### What you are asked to do
When a line in the data below includes "Avricourt", pick it out and copy it.

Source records

________

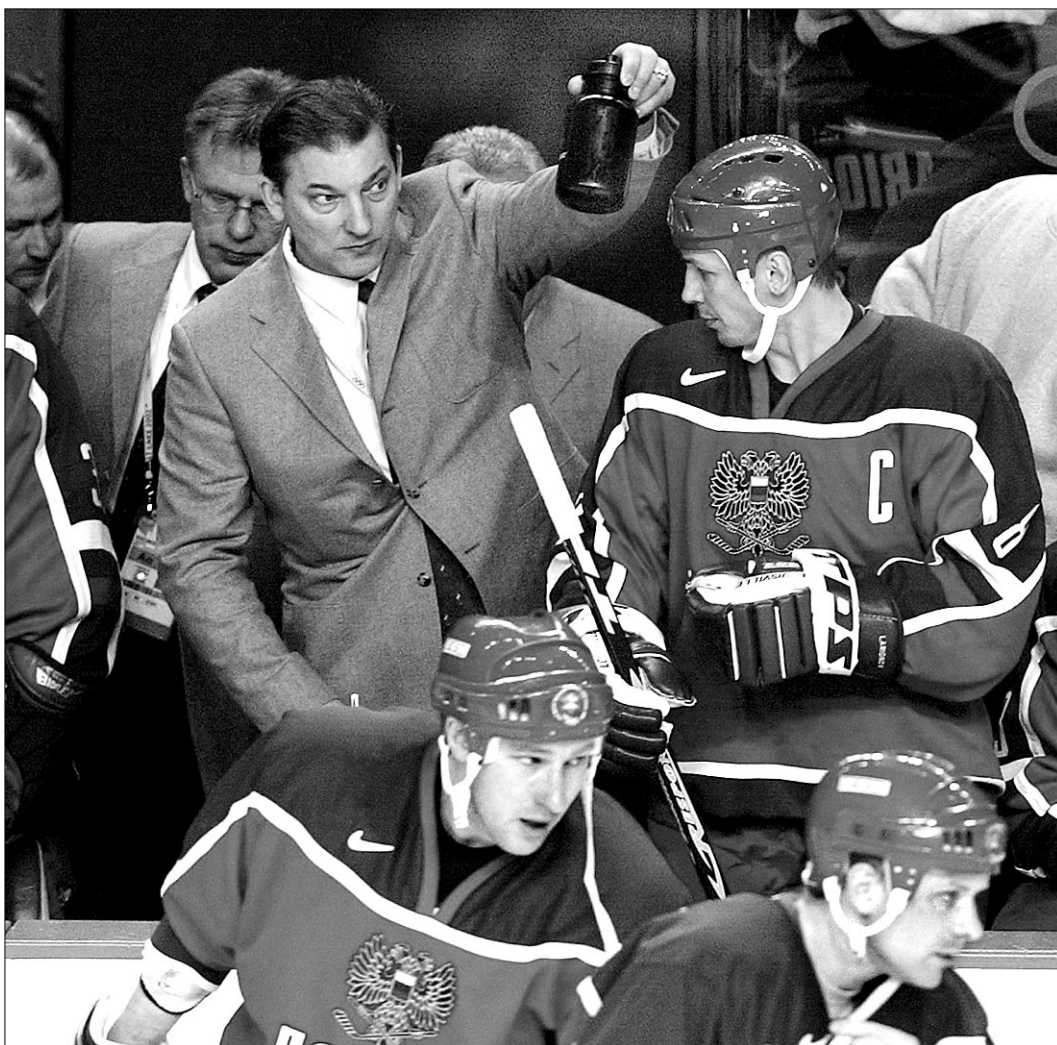
2002 год. Солт-Лейк-Сити. На этой Олимпиаде, где Россия завоевала бронзовые медали, Владислав ТРЕТЬЯК работал в нашей сборной тренером вратарей.

Почти сразу получил предложение уехать играть в «Монреаль». Давали один из лучших контрактов по тем временам. Но в Канаду меня не отпустили. Как потом узнал, в Москву дважды приезжали менеджеры клуба, но им сказали, что у меня папа - большой военачальник (действительно, такой военачальник, мой одноклассник, служил тогда в Дальневосточном округе) и что, мол, я сам никогда не хочу уезжать, чтобы папу не расстраивать.
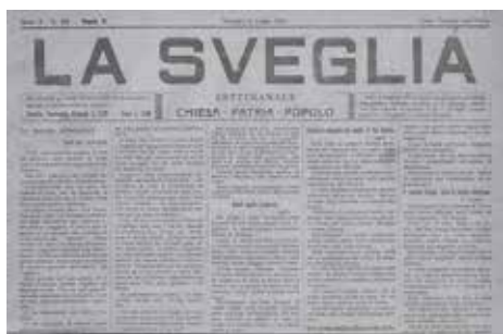
Settimanale di Treviglio
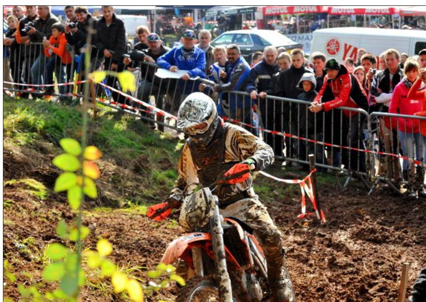
Plus de 200 compétiteurs viendront chercher la victoire ce week-end à Avricourt. Quatre épreuves d'enduro moto et quad sont au programme.

Le moto-club Bol d'Air organise ce week-end, la 7 e édition de l'Endurance du Renard, à Avricourt. Plus de 200 compétiteurs sont attendus.
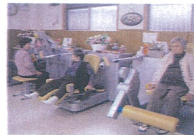
○リハトレーナー(コンピューター制御システム導入機) 利用者様各自の最適な負荷で効果的なトレーニングを行っております。
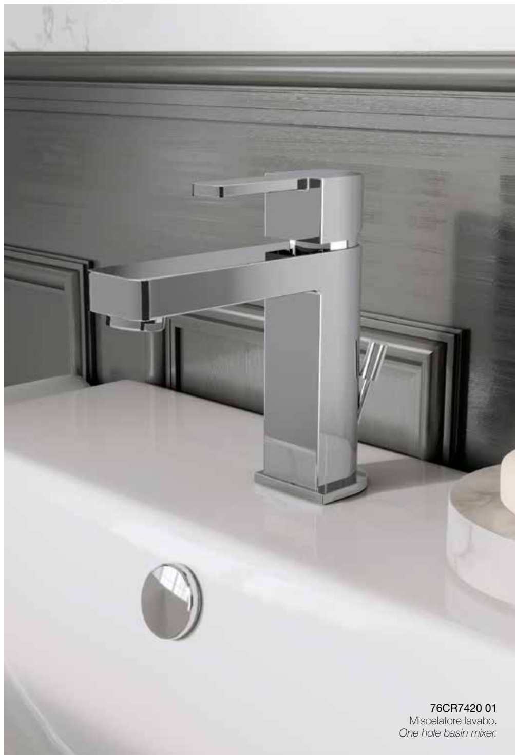
76CR7420 01 Miscelatore lavabo. One hole basin mixer.
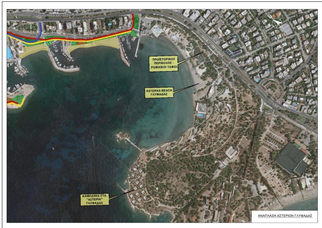
Εικόνα 6: Χάρτης Αστέρας Γλυφάδας
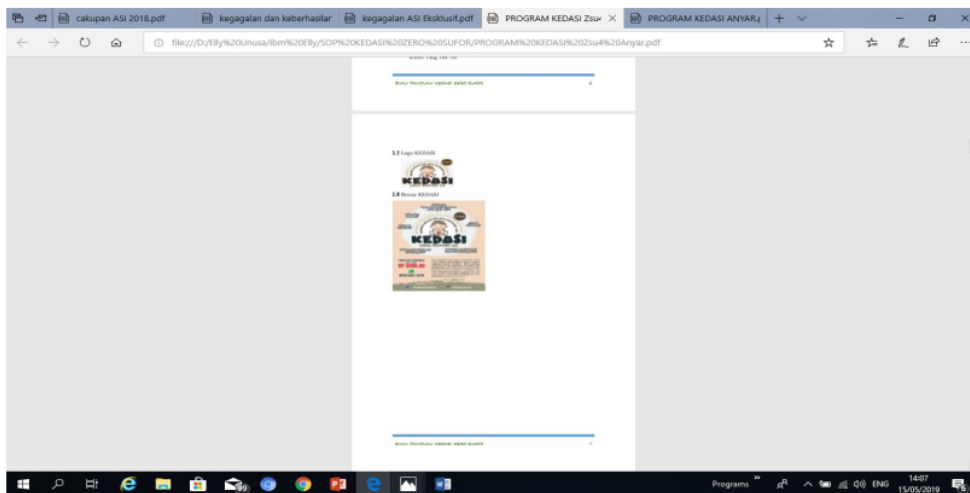
Gambar 4. Logo dan brosur KEDASI
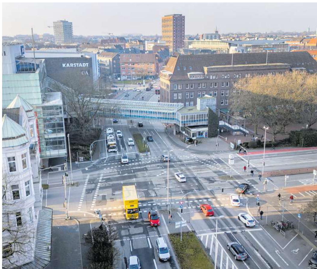
Der Stresemannplatz im Zentrum von Kiel. Für die Sanierung der strapazierten Asphaltdecke und der Neugestaltung für den Fuß- und Radverkehr, wird der Bereich zu Beginn der Sommerferien voraussichtlich etwa zwei Monate lang umgebaut.

In der Kieler Innenstadt wird der Stresemannplatz neugestaltet, um die Verkehrssicherheit für den Fußverkehr und Radfahrende zu verbessern, ohne den Autoverkehrsfluss zu behindern. Dazu müssen Fahrbahnen umgewidmet, taktile Elemente ergänzt und Ampeln versetzt sowie Ampelsteuer-
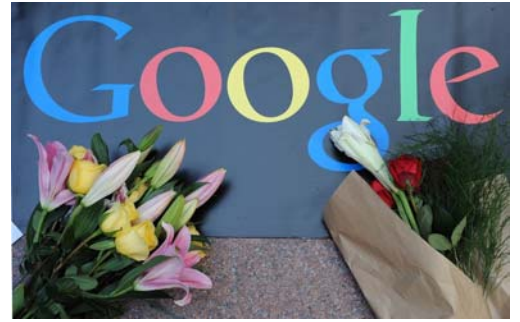
图：2010 年 1 月 14 日，民众向谷歌献花，表达对谷歌不向中共叩首的支持。

可以看出，这些年中中共封网封得最厉害的，就是法轮功真相。很明显，修炼“真善忍”的法轮功学员对哪个社会都是有百利而
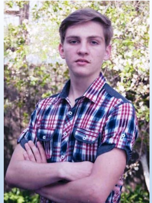
Материал подготовила Храпочкина Полина

посещаю уроки, общаюсь с одноклассниками, принимаю участие в разных мероприятиях». Надо заметить, что делает он это плодотворно!
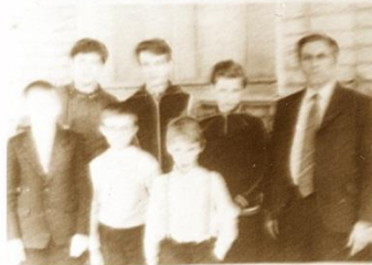
5. БЕРЕЗНИКИ • 23 очка
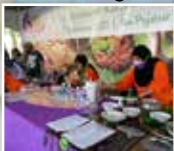
Peserta daripada Perkumpulan Sri Arjuna sedang membuat persiapan untuk menghias menu yang dipertandingkan
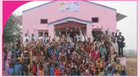
Motiya, Rajasthan - 26.12.13
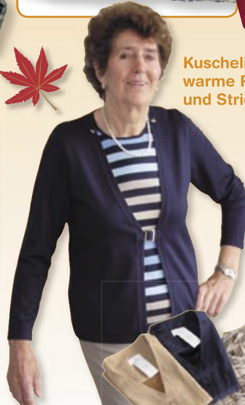
Kuschelig warme Pullover und Strickjacken
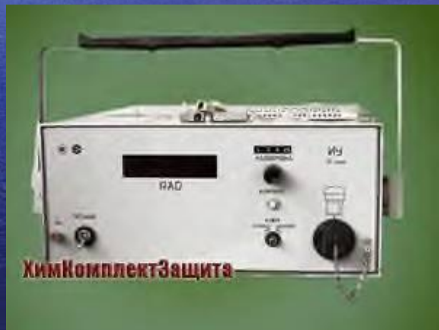
Индивидуальный прибор для измерения поглощённой дозы
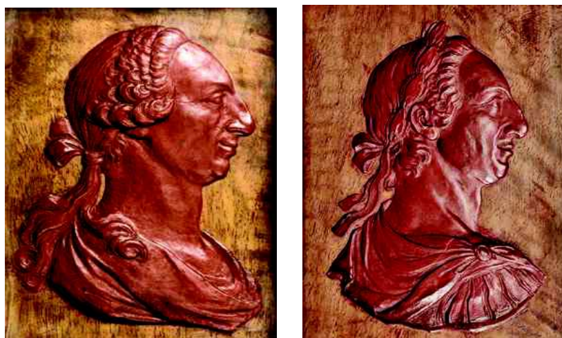
Fig. 6 y Fig. 7.- Estudios en cera roja sobre madera del grabador Tomás Francisco Prieto con los retratos de Carlos III para las monedas de plata que habrían de acuñarse en las casas de moneda metropolitanas e indianas

con manto (clámide) y larga doble coleta anudada, tal como establecería dos años después el artículo III de la Real Pragmática de 29 de mayo de 1772 al señalar que en las monedas labradas en las casas de moneda peninsulares “llevará mi real Busto desnudo con una especie de manto real”. En este sentido, hay que llamar la atención sobre el hecho de que para los distintos valores de la moneda de vellón Prieto utilizó el mismo prototipo de retrato regio que para las cecas peninsulares (peluca y larga coleta), pero con el busto desnudo, sin manto ni coraza. Así aparecería en todas las monedas de cobre labradas en la Real Casa de la Moneda de Segovia hasta el final de su reinado en 1833.
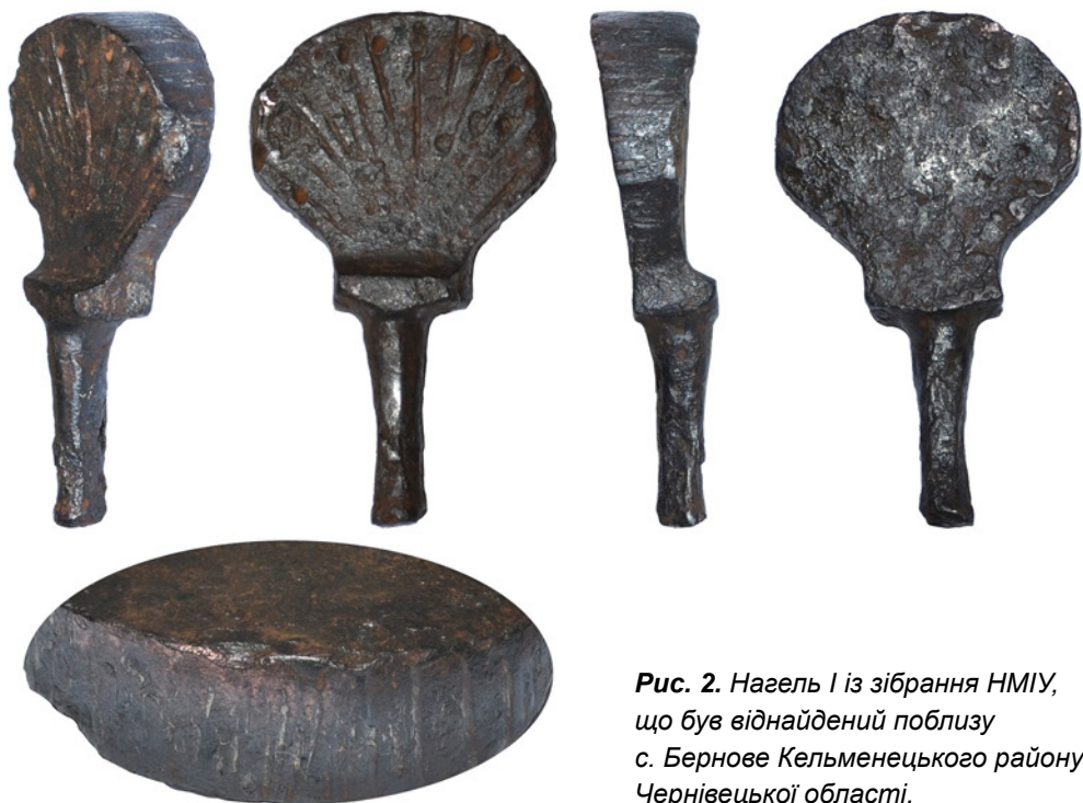
Рис. 2. Нагель I із зібрання НМІУ, що був віднайдений поблизу с. Бернове Кельменецького району Чернівецької області.
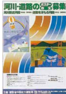
▲河川・道路の作文・ポスター募集
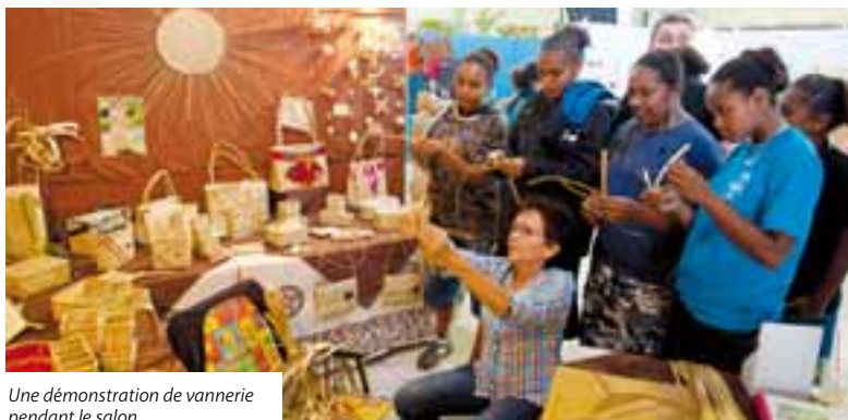
Une démonstration de vannerie pendant le salon
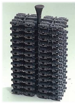
ゴム、樹脂ハンマーウエイト
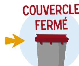
POUBELLE ORDURES MÉNAGÈRES

CES DÉCHETS NE DOIVENT PAS ÊTRE JETÉS DANS LA POUBELLE À COUVERCLE JAUNE (DÉCHETS RECYCLABLES).
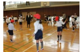
なわとびチャレンジ中！

________

### Solution to this task
Plus de 200 compétiteurs viendront chercher la victoire ce week-end à Avricourt. Quatre épreuves d'enduro moto et quad sont au programme.
Le moto-club Bol d'Air organise ce week-end, la 7 e édition de l'Endurance du Renard, à Avricourt. Plus de 200 compétiteurs sont attendus.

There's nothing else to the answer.